# EXERCISE AIM
Using the records below, write out only the lines from the line containing "日本共産党は総選挙政策で「総" up to and including the line containing "Pistole von GSG", exactly, with no pictures.

# MATERIAL TO PROCESS
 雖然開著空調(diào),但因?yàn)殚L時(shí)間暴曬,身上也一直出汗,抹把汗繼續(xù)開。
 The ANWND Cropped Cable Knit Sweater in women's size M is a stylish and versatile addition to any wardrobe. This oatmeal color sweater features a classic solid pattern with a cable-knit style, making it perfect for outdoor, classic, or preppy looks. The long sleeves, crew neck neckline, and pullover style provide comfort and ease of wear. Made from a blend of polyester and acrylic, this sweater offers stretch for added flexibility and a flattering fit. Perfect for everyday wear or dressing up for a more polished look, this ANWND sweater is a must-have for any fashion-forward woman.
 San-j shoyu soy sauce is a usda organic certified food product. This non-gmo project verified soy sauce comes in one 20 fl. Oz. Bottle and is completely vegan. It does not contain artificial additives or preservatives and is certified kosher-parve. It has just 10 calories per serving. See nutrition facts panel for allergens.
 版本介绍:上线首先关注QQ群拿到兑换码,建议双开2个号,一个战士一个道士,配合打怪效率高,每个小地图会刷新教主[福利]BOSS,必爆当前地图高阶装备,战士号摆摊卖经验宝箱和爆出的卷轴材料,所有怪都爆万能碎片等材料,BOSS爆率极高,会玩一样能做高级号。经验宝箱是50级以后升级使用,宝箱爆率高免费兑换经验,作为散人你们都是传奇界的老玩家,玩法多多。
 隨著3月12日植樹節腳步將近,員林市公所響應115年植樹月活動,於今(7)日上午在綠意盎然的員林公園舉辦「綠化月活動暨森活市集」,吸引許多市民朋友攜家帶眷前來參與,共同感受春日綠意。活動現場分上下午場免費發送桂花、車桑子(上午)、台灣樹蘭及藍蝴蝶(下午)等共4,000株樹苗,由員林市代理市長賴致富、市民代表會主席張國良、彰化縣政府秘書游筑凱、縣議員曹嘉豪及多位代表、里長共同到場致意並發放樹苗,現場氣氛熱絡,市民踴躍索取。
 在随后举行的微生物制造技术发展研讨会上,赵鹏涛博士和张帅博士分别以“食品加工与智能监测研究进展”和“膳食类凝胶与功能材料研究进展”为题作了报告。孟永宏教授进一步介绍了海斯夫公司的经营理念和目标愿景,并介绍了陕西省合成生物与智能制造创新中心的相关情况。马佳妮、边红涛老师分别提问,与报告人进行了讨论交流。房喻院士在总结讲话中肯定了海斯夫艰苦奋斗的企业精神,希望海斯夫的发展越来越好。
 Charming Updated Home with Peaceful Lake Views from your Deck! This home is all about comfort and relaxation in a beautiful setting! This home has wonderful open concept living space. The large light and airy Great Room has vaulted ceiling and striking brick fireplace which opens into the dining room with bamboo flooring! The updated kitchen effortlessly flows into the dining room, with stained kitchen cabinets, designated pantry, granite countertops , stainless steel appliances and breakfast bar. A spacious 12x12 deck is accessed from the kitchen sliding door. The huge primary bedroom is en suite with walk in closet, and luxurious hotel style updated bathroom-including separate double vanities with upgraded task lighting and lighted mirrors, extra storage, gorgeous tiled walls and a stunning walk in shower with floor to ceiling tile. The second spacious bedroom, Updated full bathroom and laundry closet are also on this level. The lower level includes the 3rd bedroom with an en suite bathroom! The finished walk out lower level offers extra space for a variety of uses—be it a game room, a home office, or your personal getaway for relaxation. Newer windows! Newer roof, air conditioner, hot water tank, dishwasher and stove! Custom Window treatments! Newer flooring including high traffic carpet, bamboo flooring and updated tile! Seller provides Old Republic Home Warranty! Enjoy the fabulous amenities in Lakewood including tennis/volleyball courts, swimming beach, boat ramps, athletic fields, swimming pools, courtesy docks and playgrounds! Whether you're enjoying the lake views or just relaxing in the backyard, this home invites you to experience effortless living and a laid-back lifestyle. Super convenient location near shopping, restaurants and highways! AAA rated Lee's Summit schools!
--
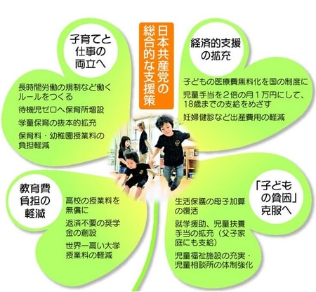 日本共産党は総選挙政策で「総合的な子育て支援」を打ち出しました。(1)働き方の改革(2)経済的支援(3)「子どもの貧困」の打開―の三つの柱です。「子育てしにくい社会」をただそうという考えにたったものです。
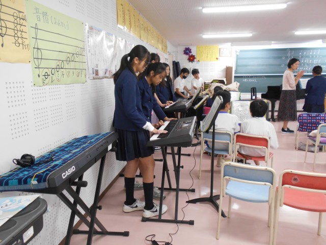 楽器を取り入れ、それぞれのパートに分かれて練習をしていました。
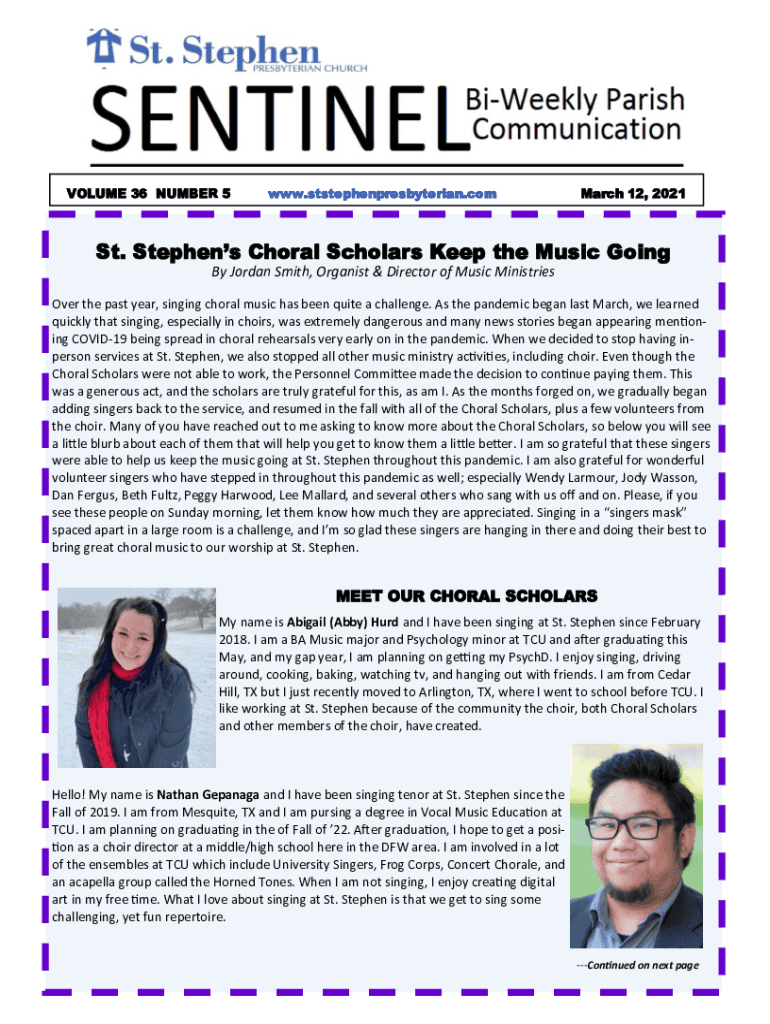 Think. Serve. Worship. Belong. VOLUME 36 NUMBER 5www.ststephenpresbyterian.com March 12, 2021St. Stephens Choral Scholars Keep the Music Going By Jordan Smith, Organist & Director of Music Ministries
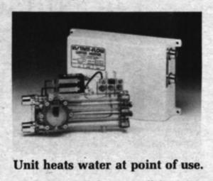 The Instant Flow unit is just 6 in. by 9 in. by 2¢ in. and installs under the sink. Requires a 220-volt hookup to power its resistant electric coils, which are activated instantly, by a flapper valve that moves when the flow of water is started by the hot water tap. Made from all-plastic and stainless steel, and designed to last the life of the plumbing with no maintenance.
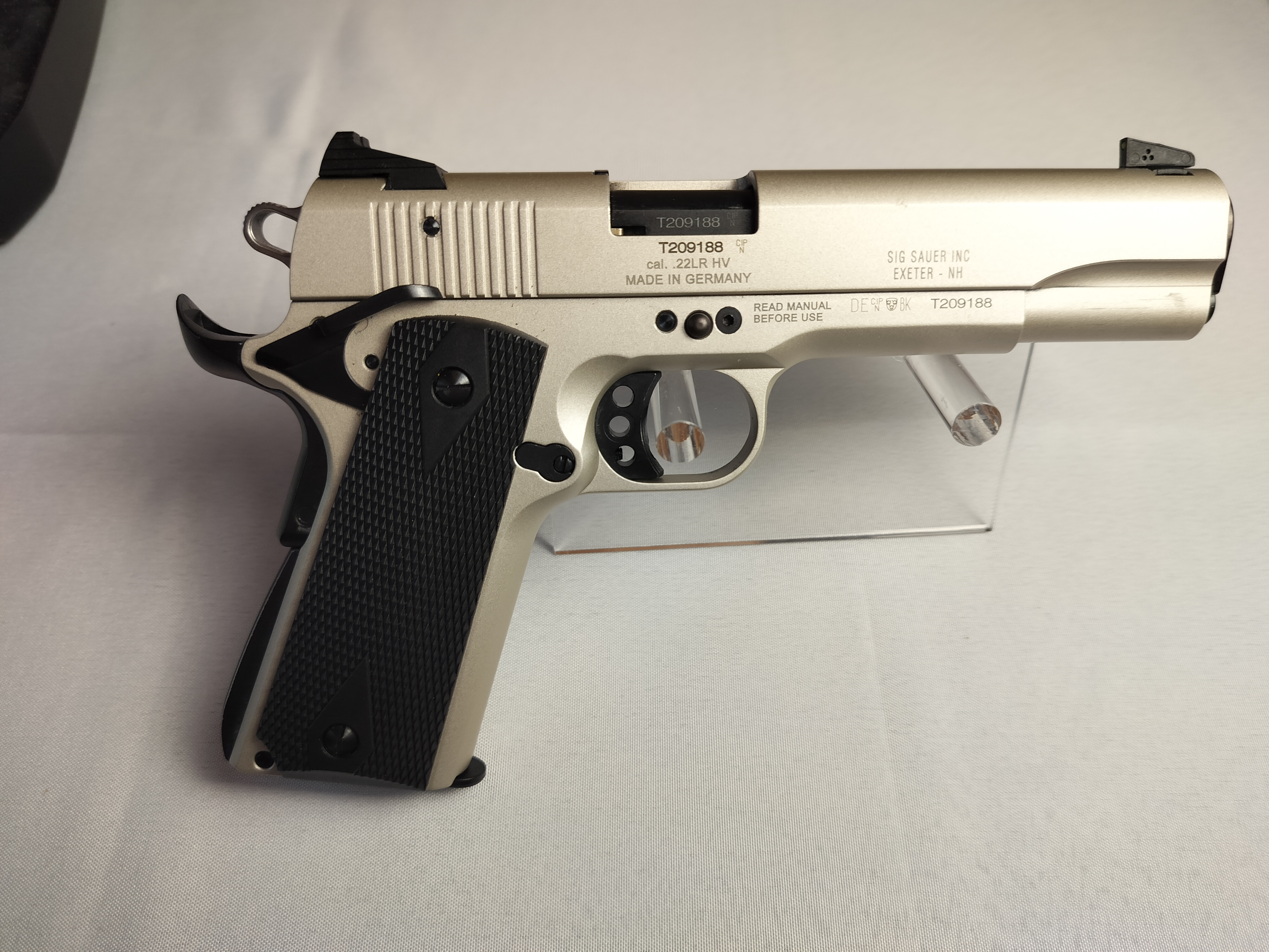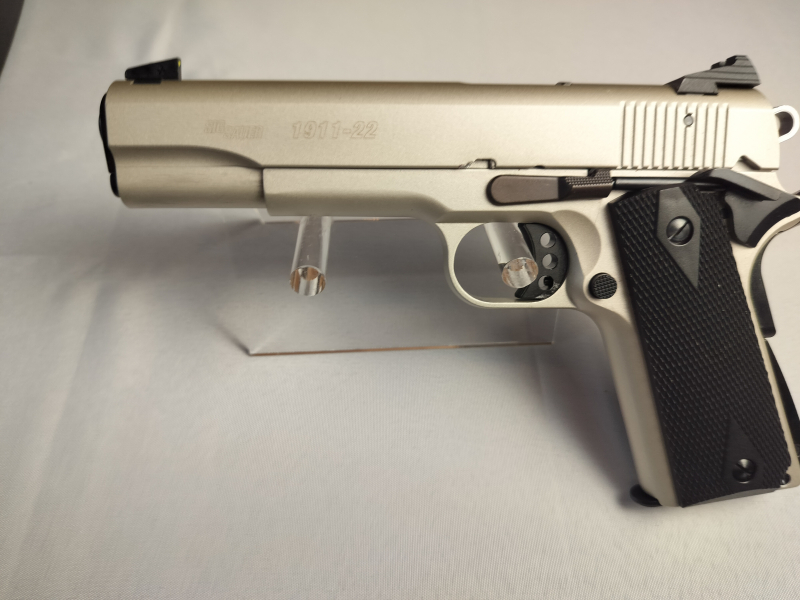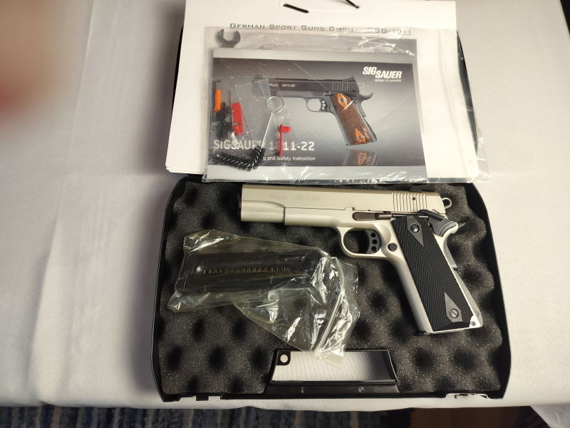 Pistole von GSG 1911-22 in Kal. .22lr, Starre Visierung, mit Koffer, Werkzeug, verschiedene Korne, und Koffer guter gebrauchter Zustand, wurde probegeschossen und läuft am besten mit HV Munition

# PROBLEM SOLUTION
 日本共産党は総選挙政策で「総合的な子育て支援」を打ち出しました。(1)働き方の改革(2)経済的支援(3)「子どもの貧困」の打開―の三つの柱です。「子育てしにくい社会」をただそうという考えにたったものです。
 楽器を取り入れ、それぞれのパートに分かれて練習をしていました。
 Think. Serve. Worship. Belong. VOLUME 36 NUMBER 5www.ststephenpresbyterian.com March 12, 2021St. Stephens Choral Scholars Keep the Music Going By Jordan Smith, Organist & Director of Music Ministries
 The Instant Flow unit is just 6 in. by 9 in. by 2¢ in. and installs under the sink. Requires a 220-volt hookup to power its resistant electric coils, which are activated instantly, by a flapper valve that moves when the flow of water is started by the hot water tap. Made from all-plastic and stainless steel, and designed to last the life of the plumbing with no maintenance.
 Pistole von GSG 1911-22 in Kal. .22lr, Starre Visierung, mit Koffer, Werkzeug, verschiedene Korne, und Koffer guter gebrauchter Zustand, wurde probegeschossen und läuft am besten mit HV Munition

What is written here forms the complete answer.